Now for something to go with that cup of tea, or coffee!
Of all the times I spent around my grandmother in her kitchen, I loved the afternoons best of all. While the adults retired to snooze after a heavy lunch, and older cousins ganged up and loitered over music, magazines and books, I would be gathering spoons, bowls, eggs, sugar, bananas, and whatever grandmother instructed me to fetch and carry as she set about making “something for tea”.
No task was too small to this eager helper. Peel and mash those bananas? (I’m on it!). Fetch a sheet of newspaper to drain the fried foods on? (Race to the pile outside the store room and back in a flash!). Butter from the fridge? (Faster than greased lightning!).
This was the most wonderful time spent in her company – the afternoon sun lighting and warming the kitchen, grandmother quietly mixing batter, rolling pastry or pouring pancakes, with the occasional instruction aimed in my direction.
Grandmother was quite a tough task master, not given to indulging shoddy work in the kitchen or handing out easy words of praise. So, like all apprentices, you started at the bottom! I know now that she was much more indulgent of her grandchildren, but to my young mind, it seemed quite a long time spent simply fetching and carrying, watching her at work, before gradually being allowed to help with simple aspects of actually preparing food.

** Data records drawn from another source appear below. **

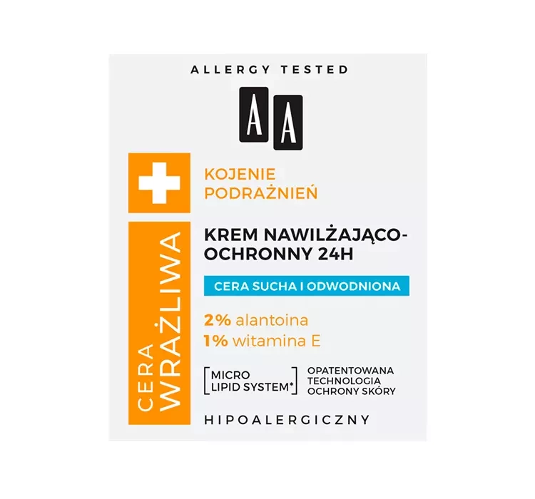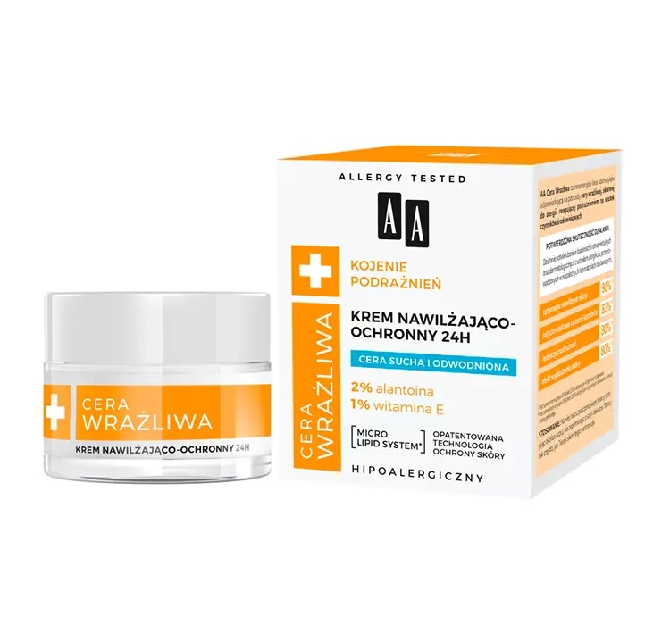 Die feuchtigkeitsspendende und schützende 24h-Creme aus der Serie AA Sensitive Skin hat eine hypoallergene, dermatologisch getestete Formel, angepasst an die Bedürfnisse sensibler und zu Allergien neigender Haut. Die Kosmetik enthält keine Duftstoffe, Parabene oder Farbstoffe. Sie hat einen neutralen pH-Wert für die Haut.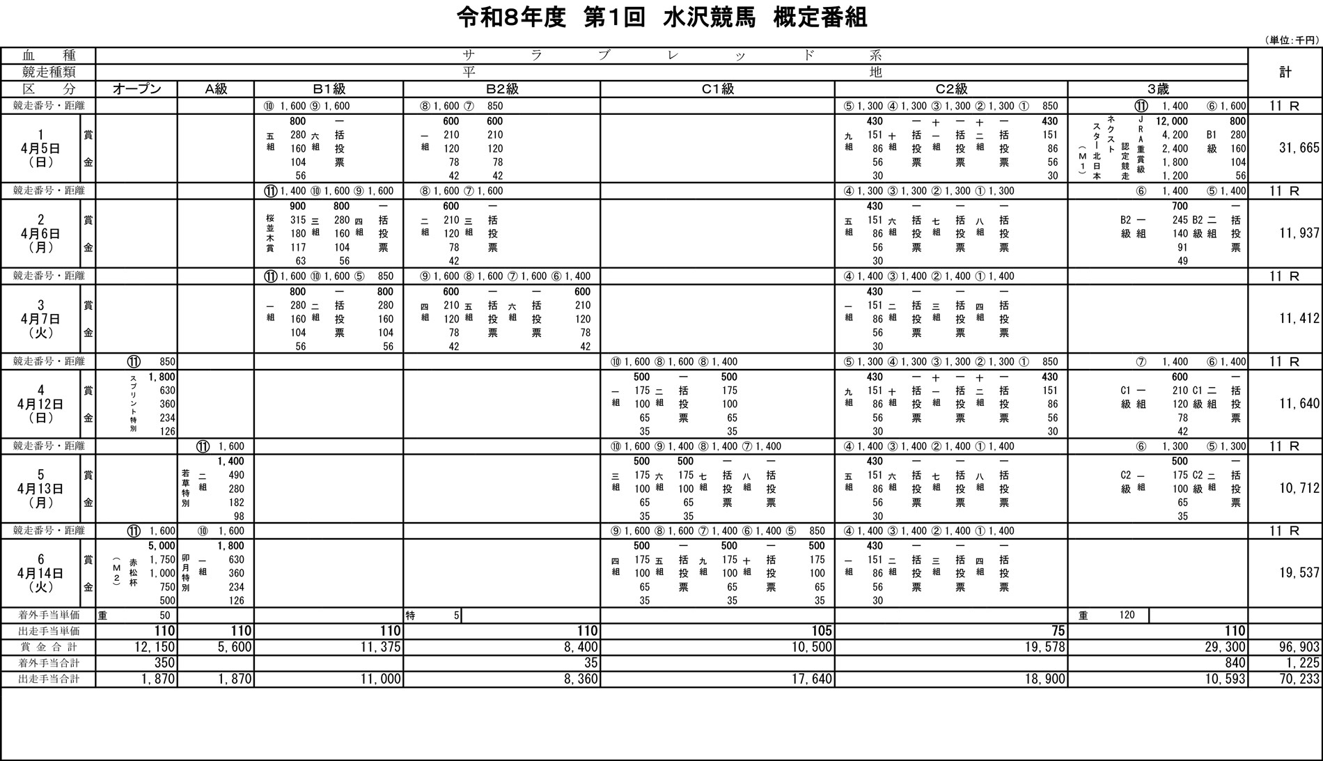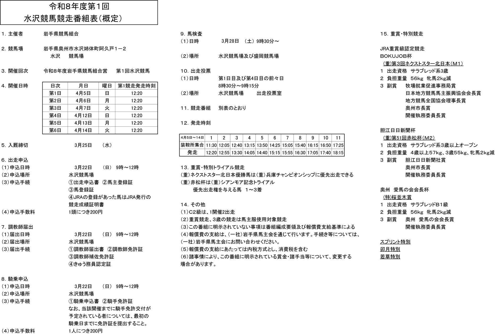 令和8年度 第1回水沢競馬概定番組(4月5日~4月14日)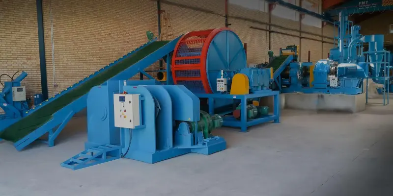 Təkər parçalayıcı maşın: rezin təkər parçasını rezin bloklara doğramaq üçün istifadə olunur.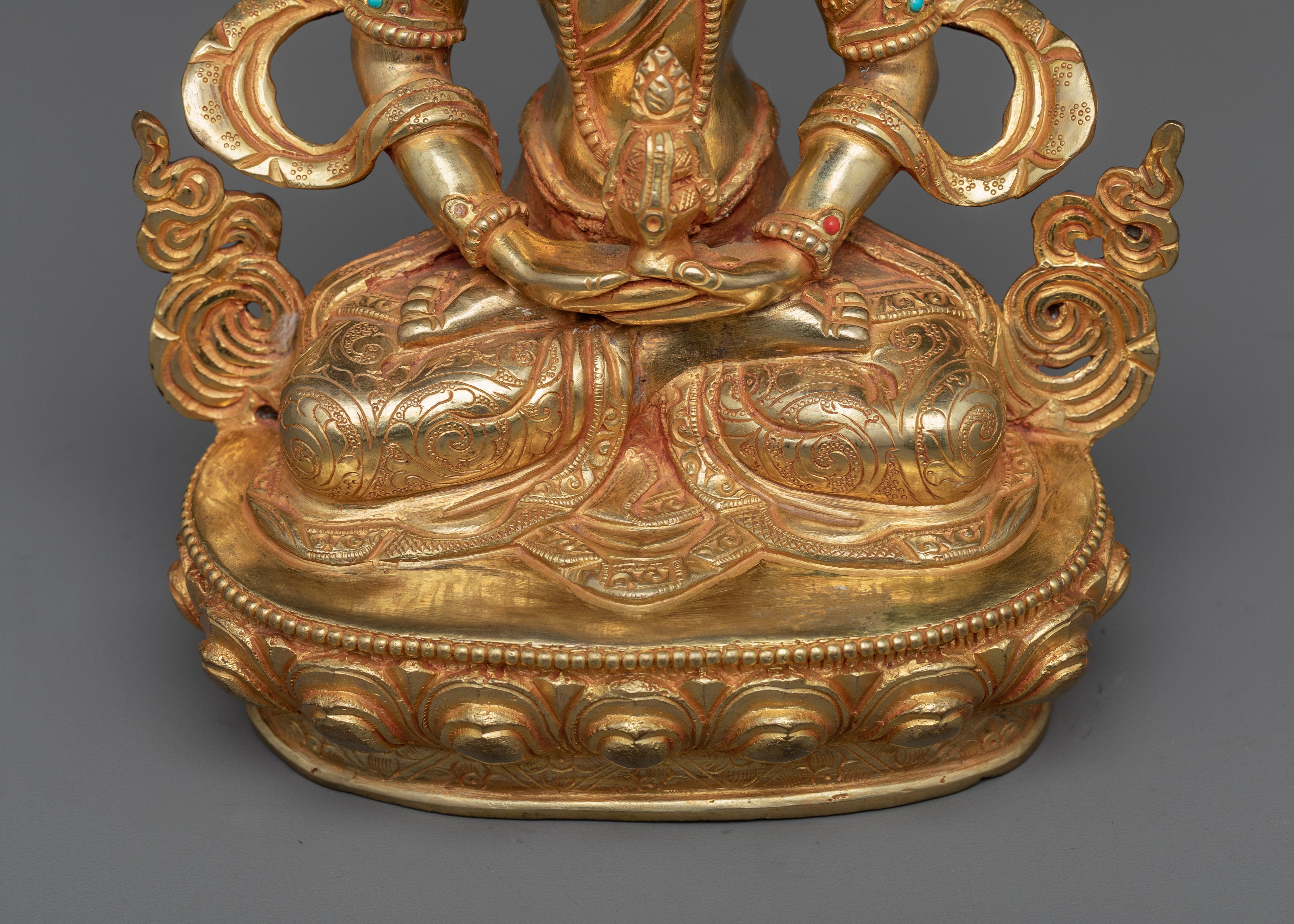 Crafted in Pure Copper and Drenched in 24k Gold, the Guru Amitayus Statue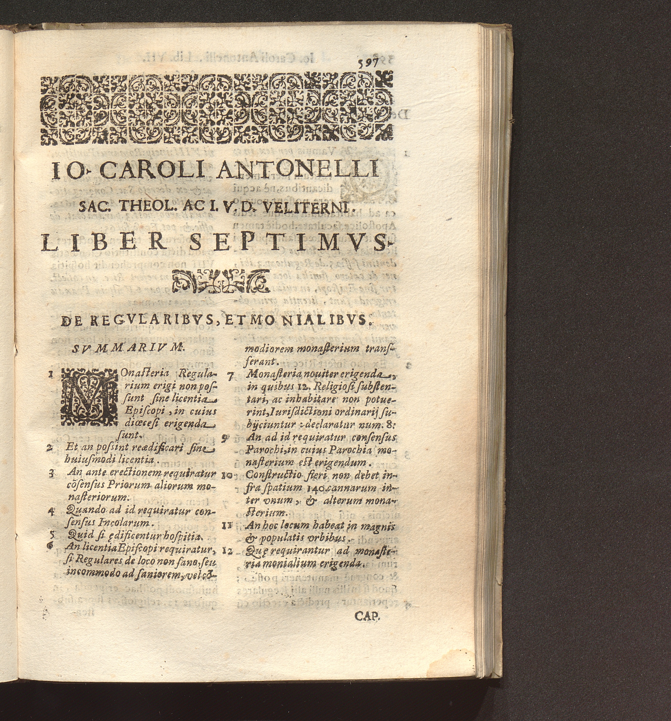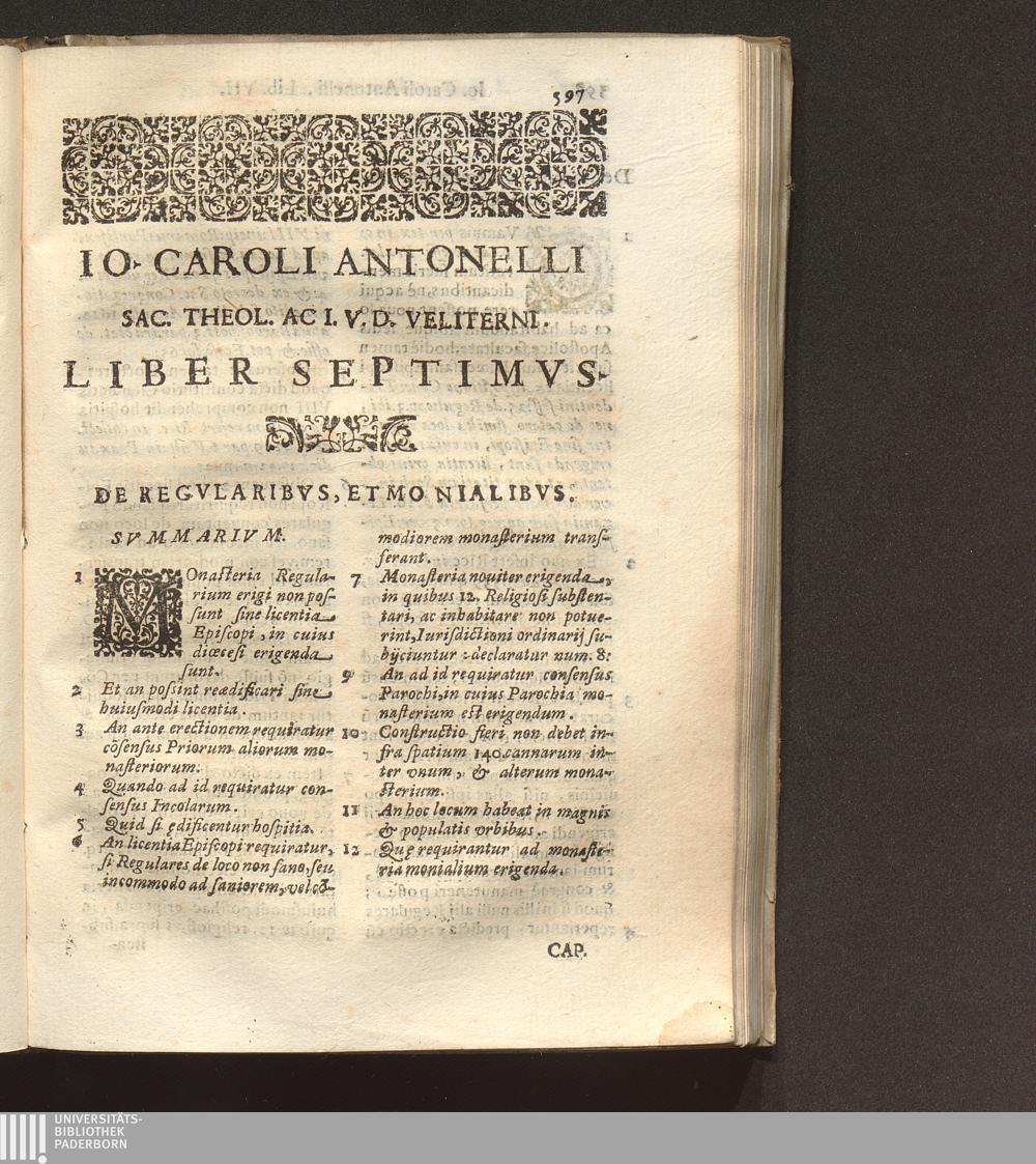Tractatvs De Regimine Ecclesiae Episcopalis In Octo Libros Distribvtvs : Quorum quatuor in hac Prima Parte, reliqui in Secunda continentur, Vbi omnia, quae ad forum Ecclesiasticum praecipuè spectant, exactè, ac dilucidè pertractantur. Opus sanè vtilissimum, atque omnibus Episcopis, Archiepiscopis, eorumque Vicarijs, Inquisitoribus, Regularium Superioribus, ac caeteris personis Ecclesiasticis, Iudicibus quoq[ue] Soecularibus, alijsque in vtroque soro versantibus maximè necessarium ... / Avctore Io. Carolo Antonello Sac. Theol. Ac I. V. Doct. Veliterno Prothonot. Apost. eiusdemque Ciuitatis Archipresb.

One of the things she made quite often was sweet puffs – deep fried pastries filled with fresh coconut and granulated sugar (similar to karjikai, but without the sesame and cardamom).
Graduating to being allowed to scoop coconut filling on to the rolled casings, folding them into crescent shapes, and carefully making crinkled edges with a fork, (or with that delightful freewheeling pastry tool – the spoon with a serrated disc at the base) was sweeter than the first bite of a hot sweet puff!
Try them, they’re delicious, and really easy to make. Add toasted brown sesame and ground cardamom to turn them into karjikai.
Sweet puffs (or karjikai)
For the pastry:
- 400 gm plain pastry flour
- 50 gm ghee, melted
- 1/4 tsp baking soda
- 1/4 tsp salt
- 1/3 to 1/2 cup water (as needed)
For the filling:
- 100 g fresh, grated coconut*
- 100 gm granulated sugar
- 4-5 pods of green cardamom, seeds only, powdered
- 10 gm brown sesame, lightly roasted
- Oil for deep frying.
Sift the dry pastry ingredients together, then add the melted ghee. Rub the ghee into the flour until it is evenly mixed and holds together in fine crumbs.
Add enough water to bring the mixture together and knead to a smooth dough. Divide into two equal parts and set aside one.
Combine the coconut and sugar (and the other ingredients, if using) in a bowl.
Shape the dough into a log and divide it into small, even portions. (This amount should allow you to make approx 24 small puffs or 12 larger ones).
Roll out the pastry into thin rounds, then spoon portions of the coconut mixture onto them.
Dampen the edges with a little water, and press together to seal. Use a fork to crimp the edges together and make a nifty pattern.
Heat the oil in a kadhai or wok and fry the puffs gently, for about 6 minutes, or until they take on a light golden colour. For perfect crispness, dredge the puffs halfway through frying and hold them out of the oil for a minute, before returning them to the heat.
Drain on absorbent paper, and serve them up at “something for tea time”.
And hold on to that other portion of dough. 🙂
* For karjikai, roast the coconut lightly for a drier filling.